Electrostatic effects on the kinetics of electron transfer reactions of cytochrome c caused by binding to negatively charged lipid bilayer vesicles.

The effect of binding reduced tuna mitochondrial cytochrome c to negatively charged lipid bilayer vesicles at low ionic strength on the kinetics of electron transfer to various oxidants was studied by stopped-flow spectrophotometry. Binding strongly stimulated (up to 100-fold) the rate of reaction with the positively charged cobalt phenanthroline ion, whereas the rate of reaction with the negatively charged ferricyanide ion was greatly inhibited (up to 60-fold), as compared with the same systems either at high ionic strength or at low ionic strength either in the presence of electrically neutral vesicles or in the absence of vesicles. Reactions of tuna cytochrome c with uncharged or electrically neutral oxidants such as benzoquinone and Rhodospirillum rubrum cytochrome c2 were unaffected by binding to vesicles, suggesting little or no effect of membrane association on cytochrome structure or accessibility of the heme center. The kinetic effects were largest at lower cytochrome c to vesicle ratios, where there was a greater degree of exposure of negatively charged regions on the membrane. The reduction of cobalt phenanthroline and ferricyanide by bound cytochrome c proceeded by nonexponential kinetics, as compared with the monophasic kinetics observed in the absence of vesicles. This was probably due to the heterogeneous distribution of vesicle sizes which exists at a given lipid to protein ratio.

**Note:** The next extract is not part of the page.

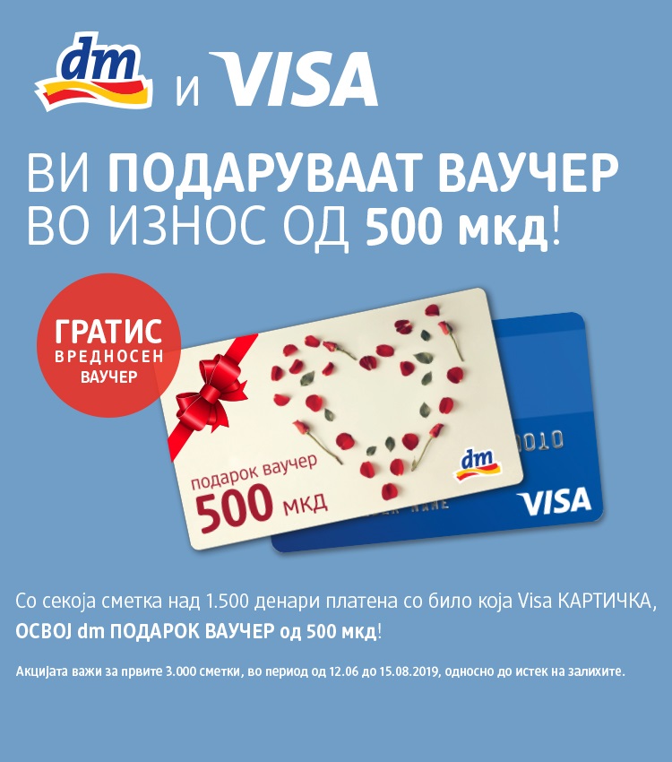 Почнувајќи од 12.6.2019, за секоја сметка направена во дрогериите на dm, чиј износ надминува 1.500 денари, а е платена со билоа која VISA картичка добивате вредносен ваучер од 500 денари. А да се потсетиме, во dm дрогериите можете да пронајдете повеќе од 14.000 производи за нега и убавина, производи за нега на мажи и бебиња, производи за хигиена во домот како и нега на алишта, природна козметика и органска храна.

Nonlinear oxidant concentration dependencies were observed for cobalt phenanthroline oxidation of membrane-bound cytochrome c, consistent with a (minimal) two-step kinetic mechanism involving association of the oxidant with the membrane followed by electron transfer. Based on a comparison of second-order rate constants as a function of lipid to protein mole ratio, binding of cytochrome c to the bilayer increased the efficiency of the cobalt phenanthroline reaction by a factor of approximately 500 at the highest lipid:protein ratio used. The results suggest a mechanism involving attractive and repulsive electrostatic interactions between the negatively charged bilayer and the electrically charged oxidants, which increase or decrease their effective concentrations at the membrane surface.